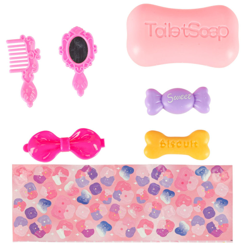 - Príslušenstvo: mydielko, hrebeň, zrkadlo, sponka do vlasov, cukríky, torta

- - -

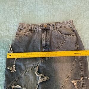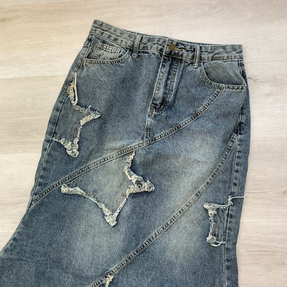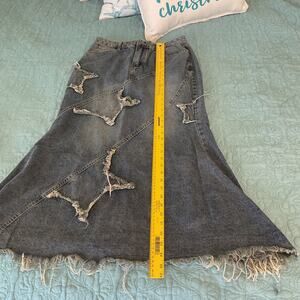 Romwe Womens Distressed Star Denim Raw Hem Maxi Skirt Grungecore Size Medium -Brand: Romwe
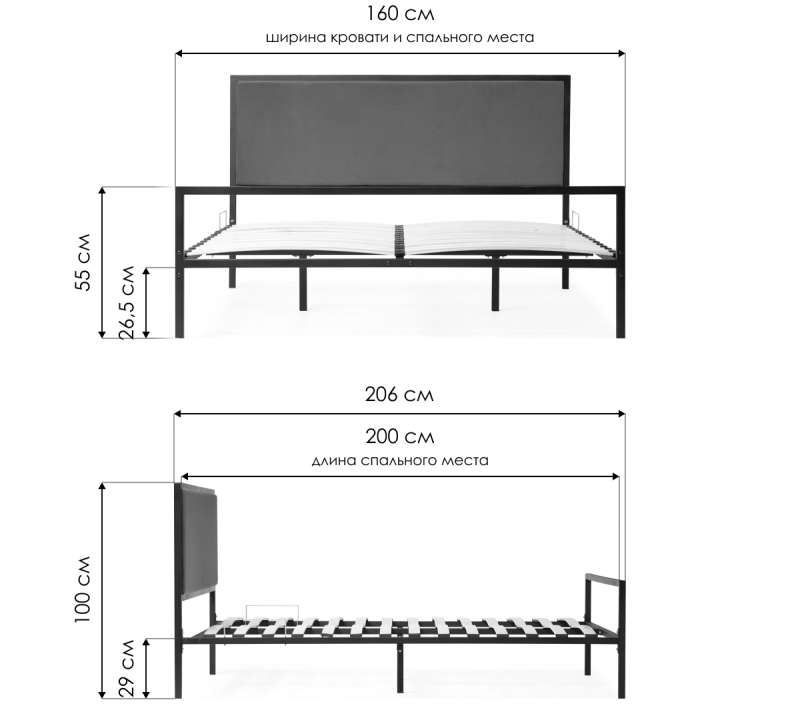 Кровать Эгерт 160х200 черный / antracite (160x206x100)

- - -

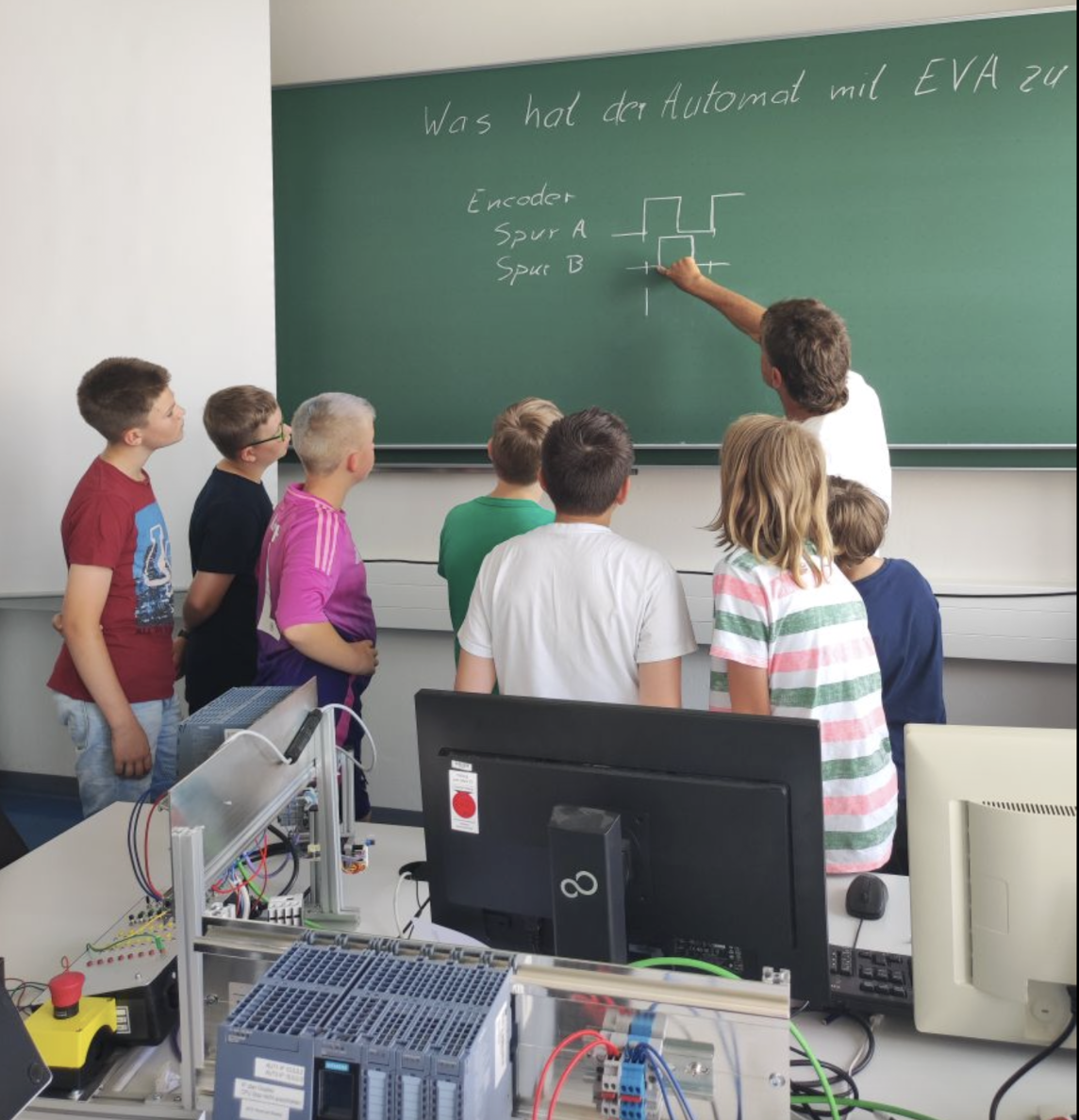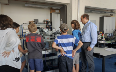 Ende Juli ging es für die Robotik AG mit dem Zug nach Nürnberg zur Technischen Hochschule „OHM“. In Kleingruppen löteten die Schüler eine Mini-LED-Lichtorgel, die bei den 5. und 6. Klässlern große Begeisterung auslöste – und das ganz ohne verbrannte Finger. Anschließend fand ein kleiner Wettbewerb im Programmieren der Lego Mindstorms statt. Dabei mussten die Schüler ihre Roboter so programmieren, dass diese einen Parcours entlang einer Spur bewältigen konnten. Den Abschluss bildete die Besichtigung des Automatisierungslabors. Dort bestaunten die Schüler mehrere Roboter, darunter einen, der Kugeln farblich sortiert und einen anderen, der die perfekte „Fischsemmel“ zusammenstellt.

- - -

• _Exercise objective_: The response must repeat exactly the lines above from the one with "Romwe Womens Distressed" through the one with "Кровать Эгерт 160х200", including both, and must contain no pictures and no other text.

• _Answer for the task_:
 Romwe Womens Distressed Star Denim Raw Hem Maxi Skirt Grungecore Size Medium -Brand: Romwe
 Кровать Эгерт 160х200 черный / antracite (160x206x100)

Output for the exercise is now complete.